Tons of Android Apps are tracking you secretly
- Fariha
- December 4, 2017
- 1,943
According to a new study, over 3 in 4 Android apps have one third-party "tracker" at the least which is something really alarming for Android users. The study reached this figure after the analysis of hundreds of apps by Exodus Privacy and Yale University's Privacy Lab, a French research organization. They analyzed the mobile apps for the signatures of 25 known trackers that make use of numerous ways to get personal information about users with the objective of targeting for services and ads.
In the survey it was revealed that the apps that were using tracking plugin one sort or another included some of the leading Google Play Store apps such as Uber, Tinder, Spotify as well as OKCupid. All these make use of Crashlytics, a Google service which tracks app crash reports, but it also has the ability to get insight into the activities of the users as well as inject live social content in order to please them.
In addition, there are some less widely-used trackers which have the ability to go much beyond that too. Like FidZup, which is a French firm that can get to know the existence of mobile devices and users with the help of ultrasonic tones. While FidZup claims that it does not use the tech anymore, tracking users via wifi networks works equally well too.

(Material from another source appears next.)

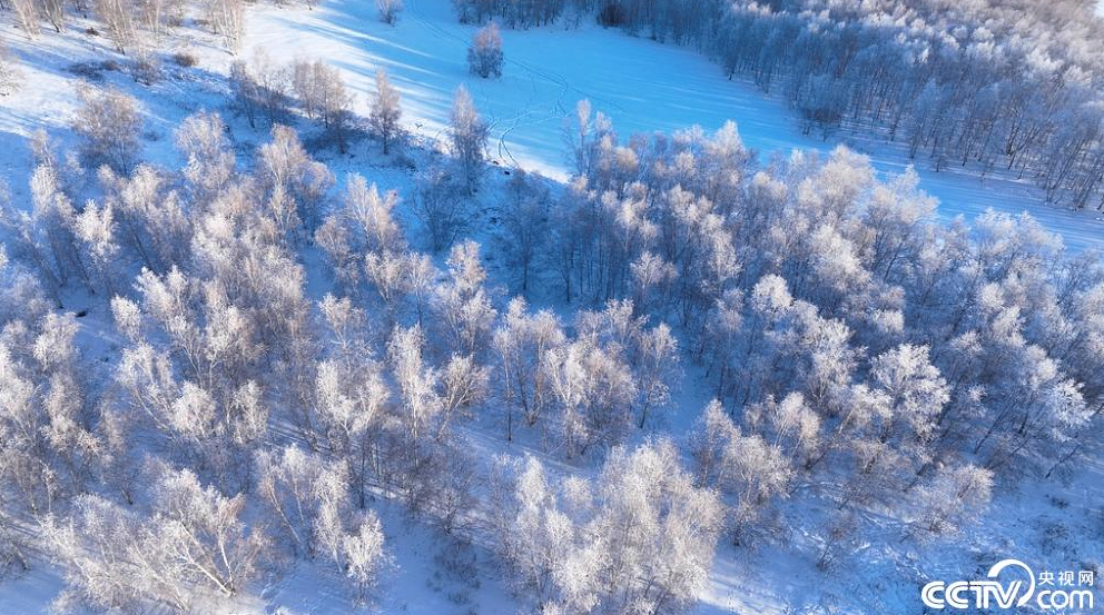 在内蒙古呼伦贝尔市,航拍极寒天气下的低山丘陵雪野山峦银装素裹。

Yale Privacy Lab is making use of its study to call on developers in addition to Google for better transparency into security and privacy practice related to trackers.
According to the researchers Android users as well as other app store users must be provided with a trusted chain of software development, distribution, as well as installation without unknown or masked third-party code.
"Scholars, privacy advocates and security researchers should be alarmed by the data, and can provide further analysis now that these findings and the Exodus platform have been made public."
While Yale study didn’t include iOS apps, the firms says that the issue might just be same on Apple's App Store as well.
"Many of the same companies distributing Google Play apps also distribute apps via Apple, and tracker companies openly advertise Software Development Kits (SDKs) compatible with multiple platforms," said the researchers. "Thus, advertising trackers may be concurrently packaged for Android and iOS, as well as more obscure mobile platforms."